December 28, 2010 by Aurora Mortgage · Leave a Comment 

An Energy Audit could cost you $500. Some utility companies will do them for free. But you can easily do your own energy audit—so you can get a general idea of what needs to be fixed/updated—and THEN, hire an expert to help you.

Here’s a checklist of the problem areas that may need energy-efficient upgrades:

Air Leaks:

On a windy or cool day, check to see if air can flow thru these places:

  • Loose (ill fitting) baseboards; window frames; electrical outlets/switches;
  • Doors; attic hatch; fireplace; wall-mounted air conditioning units; foundation seals; door mail slots; corners on exterior of home; chimney where siding and roof meet.
  • An easy way to find “air leaks” inside the home is to close all doors, windows and use an incense stick. The moving air will cause the smoke to waver.

 

Insulation:

At the time your home was built, the insulation probably met builder specs, but the level of insulation may no longer be adequate. R-25 is the recommended minimum. Things to check are: Weather stripping around the attic hatch; depth of insulation in your attic; insulation around electrical boxes, insulation wraps around plumbing pipes; insulation in basement ceiling.

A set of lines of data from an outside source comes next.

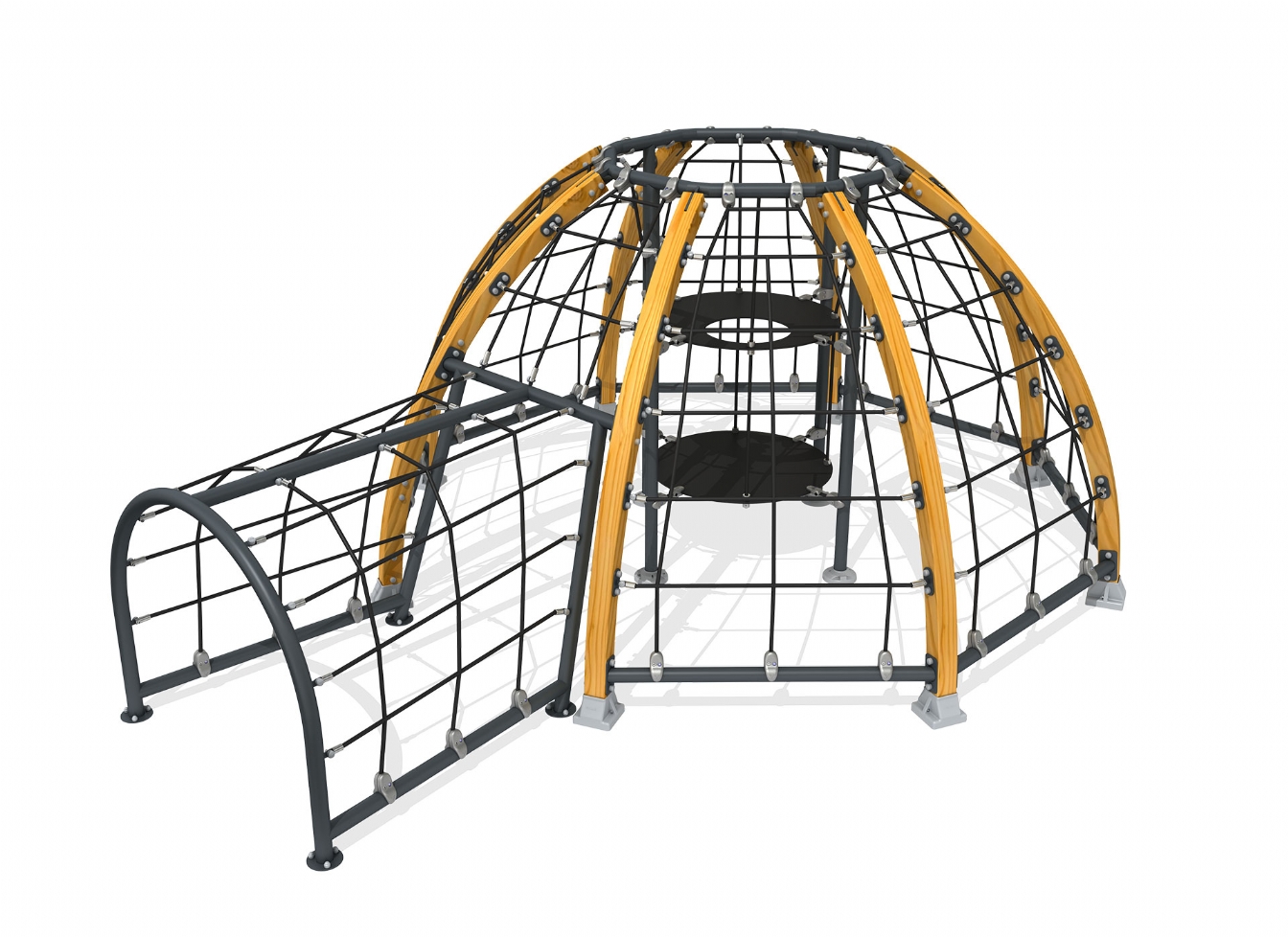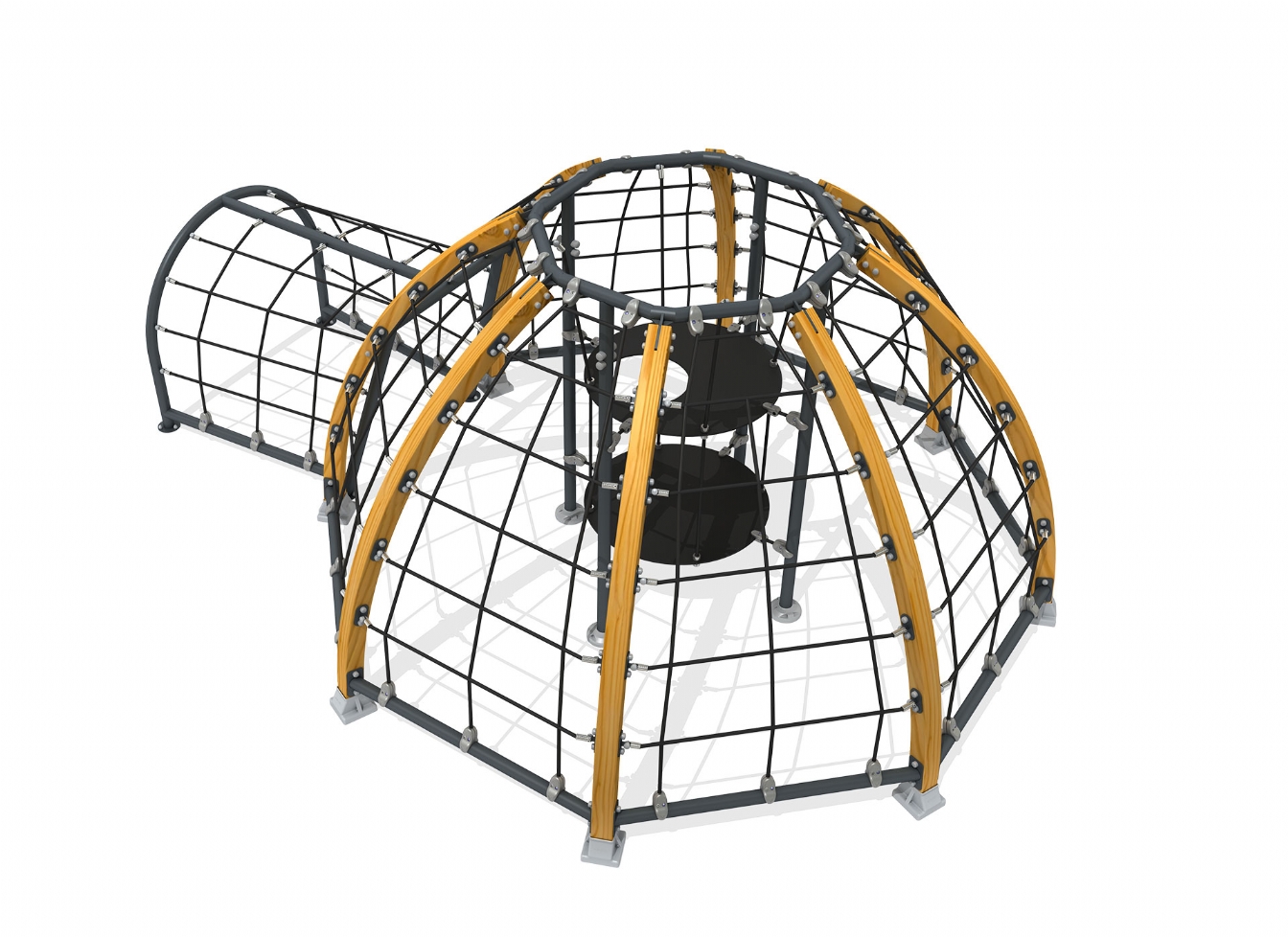 Lekställning Norola i metallprofil, polyeten och trä för offentlig miljö.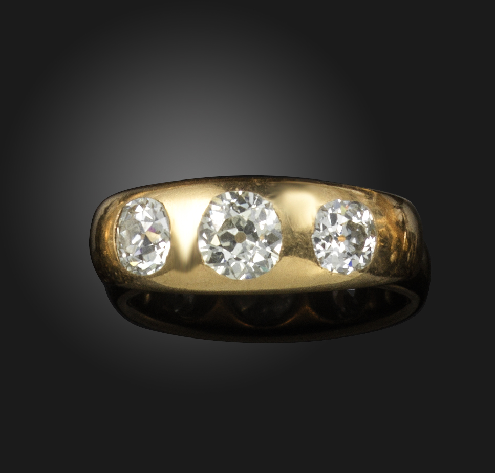 A diamond three stone gypsy ring, set with graduated old cushion-shaped diamonds weighing approximately 2.00cts in total in yellow gold, size V 1/2
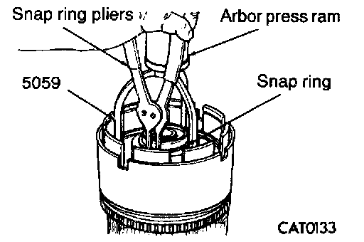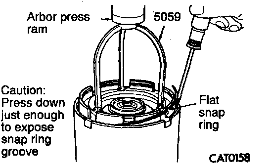 11. While compressing spring with Spring Compressor 5059 and arbor press ram, install snap ring with snap ring pliers.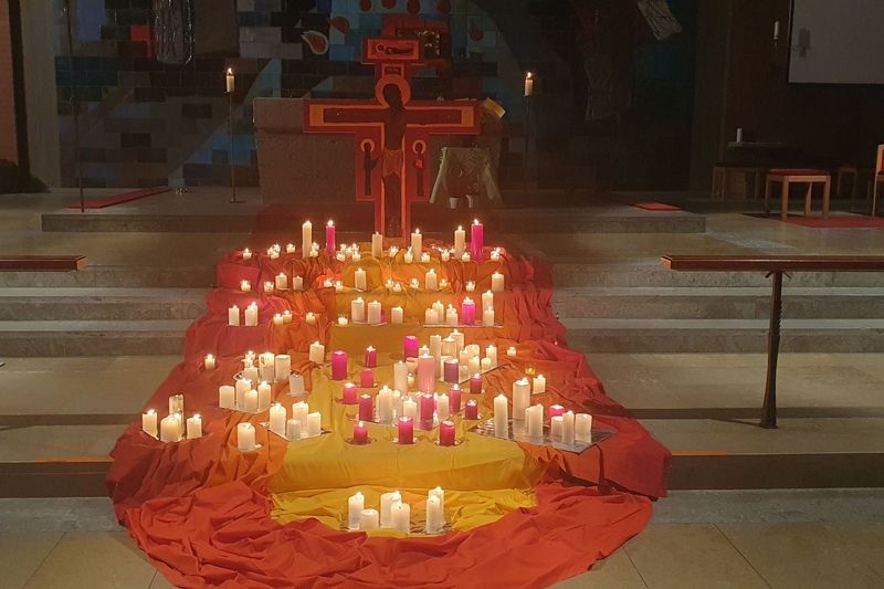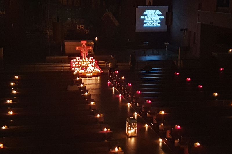 Bitten, loben, danken, Stille und meditative Gesänge, das zeichnete die gut besuchte Gebetsstunde aus. Am Ende konnte jeder Gläubige sein persönliches Anliegen vor das Kreuz tragen und eine Kerze dazu abstellen.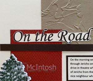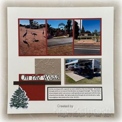 Today’s page shows off some photos from our drive from Longreach to Emerald. Our day started with a visit by four friendly Brolgas while we were packing up. On the drive we passed through Jericho, a lovely little town with it’s own Drive-in movie theatre (not sure it still operates). We arrived mid afternoon at Emerald and had a lovely drive-through site. Our neighbour was a lovely man who joined us for a chat while we had a couple of drinks before dinner. I printed my photos to 3″ x 4″ size and attached three of them to Cajun Craze card before attaching them to a Very Vanilla 12″ x 12″ page. The last photo is attached to Crumb Cake card and then the page.

Checking insulation in the walls can be tricky. Turn off the electricity, remove a couple of switch plates and check for insulation or foam depth. If you suspect inadequate insulation in the walls, you might want to spring for a Thermographic Inspection.

Heating/Cooling Equipment:

Have your furnace and air conditioning units checked at least once a year. If you have a forced-air furnace, replace filters and clean.

If your furnace is more than 15 years old, you may want to consider replacing it—and take advantage of the tax credit incentives available thru the State and Federal government.

Lighting:

Consider compact fluorescent bulbs for your overhead light fixtures and lamps. They are expensive, but last longer. However, you could also consider replacing a 100-watt bulb with a 75-watter—which will save money as well. Fun fact: Lights account for about 10% of your electrical bill.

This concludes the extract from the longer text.